Definition
Malfunctions in cockpit instruments that cause them to display incorrect information, stop working, or behave erratically. Failures may stem from the instrument itself, its power source (electrical or vacuum/pneumatic system), its sensing inputs (such as the pitot-static system), or blockages and damage to external probes and ports.
Plain English
When a cockpit gauge or display stops working properly or shows the wrong information. The needle might freeze, drift, swing wildly, or the screen might go blank.
Context Anchor
Seen in emergency and abnormal-procedure discussions, especially when a pilot must recognize a bad cockpit indication and fly using other reliable information.
Derivation
Instrument comes from a Latin root meaning something used to prepare or equip for a task.
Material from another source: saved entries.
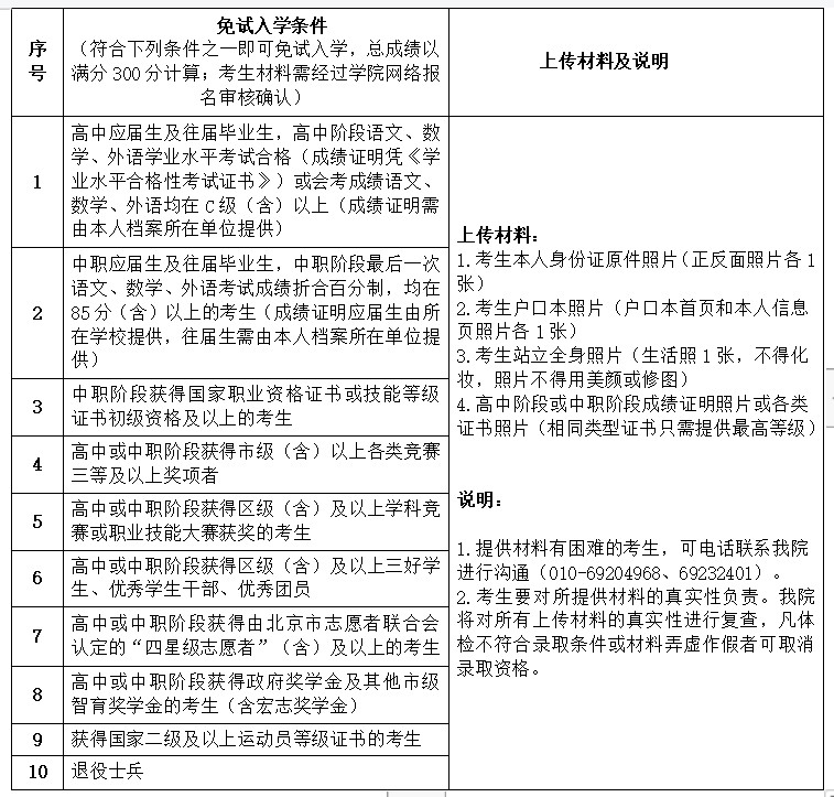 說明: 1.提供材料有困難的考生,可電話聯系我院進行溝通(010-69204968、69232401)。 2.考生要對所提供材料的真實性負責。我院將對所有上傳材料的真實性進行復查,凡體檢不符合錄取條件或材料弄虛作假者可取消錄取資格。 |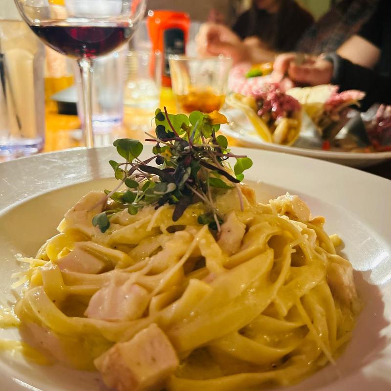 Glazed fettuccini with cilantro cream and grilled chicken with touches of butter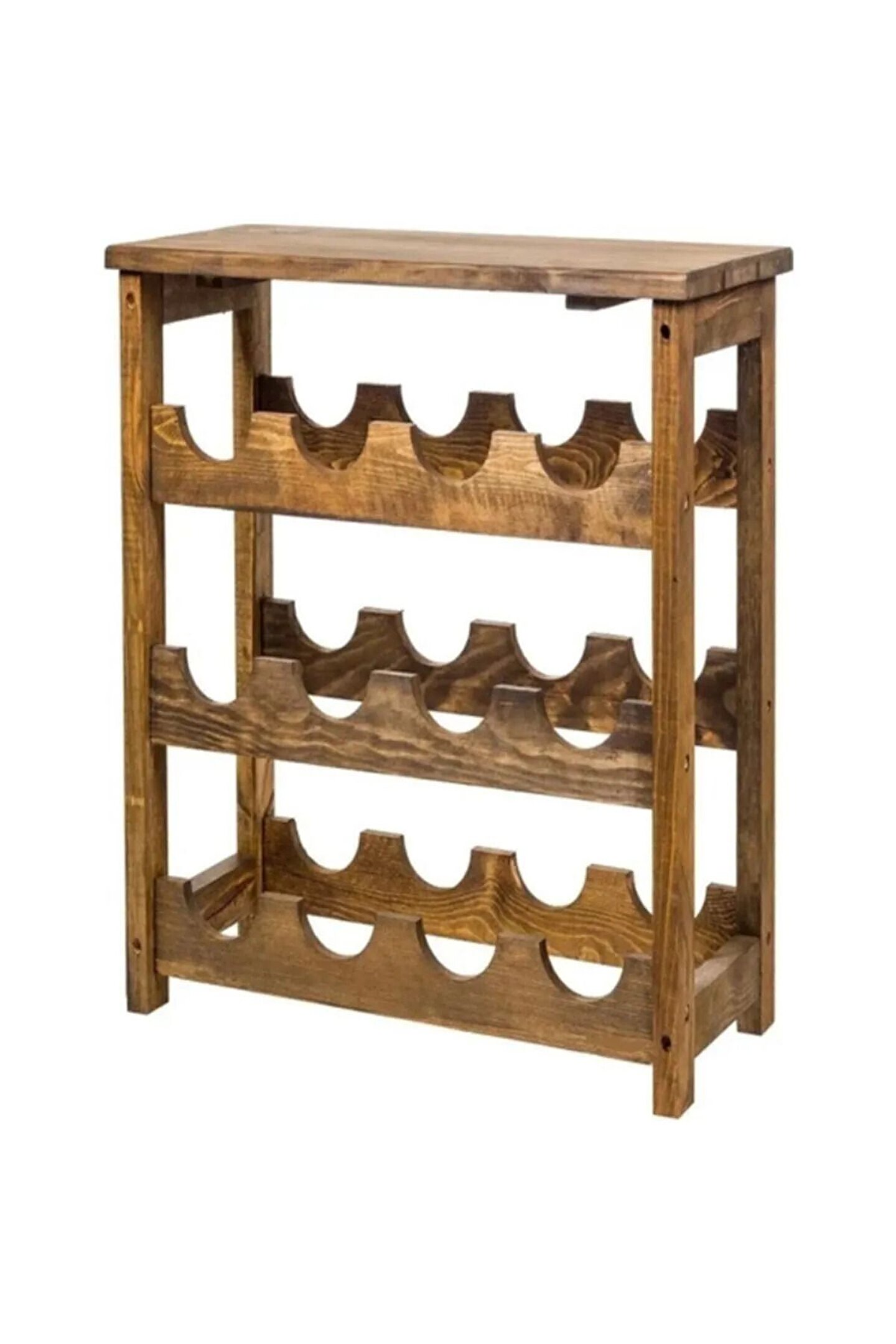 Ahşap Eskitme 3 Katlı Ve Şişelik Rafı Mini Bar Raf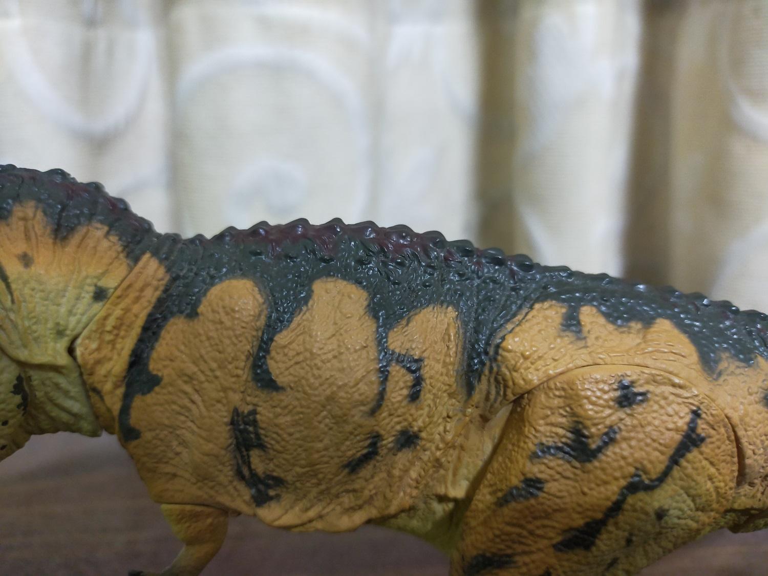 來個頭部近距離特寫。說實在話,個人還挺喜歡這個臉部塗色的樣式跟風格的,因為看著就覺得很有那種屬於1999元祖版《與恐龍共舞》片中的登場生物在體色花紋方面,都會具備的貫有調性(笑)

Failure comes from an old word meaning to fall short or not perform. Together, the words point to cockpit equipment that is no longer doing the job the pilot needs it to do.
Why Pilots Care
Loss of reliable instrument data forces use of partial panel techniques or visual references and can quickly lead to loss of control if not addressed.
Grounding Statement
If a cockpit indication does not match what the airplane is actually doing, the pilot should treat that instrument as suspect until confirmed.
Intuition Check
Do not assume an instrument failure always means a gauge goes blank. It can also mean the instrument is still moving but showing wrong or unreliable information.
Example Sentence 1
During the climb, the pilot noticed the airspeed indicator was reading lower than expected and suspected an instrument failure caused by a blocked pitot tube.
Example Sentence 2
A vacuum pump malfunction is a frequent cause of instrument failures affecting the attitude indicator.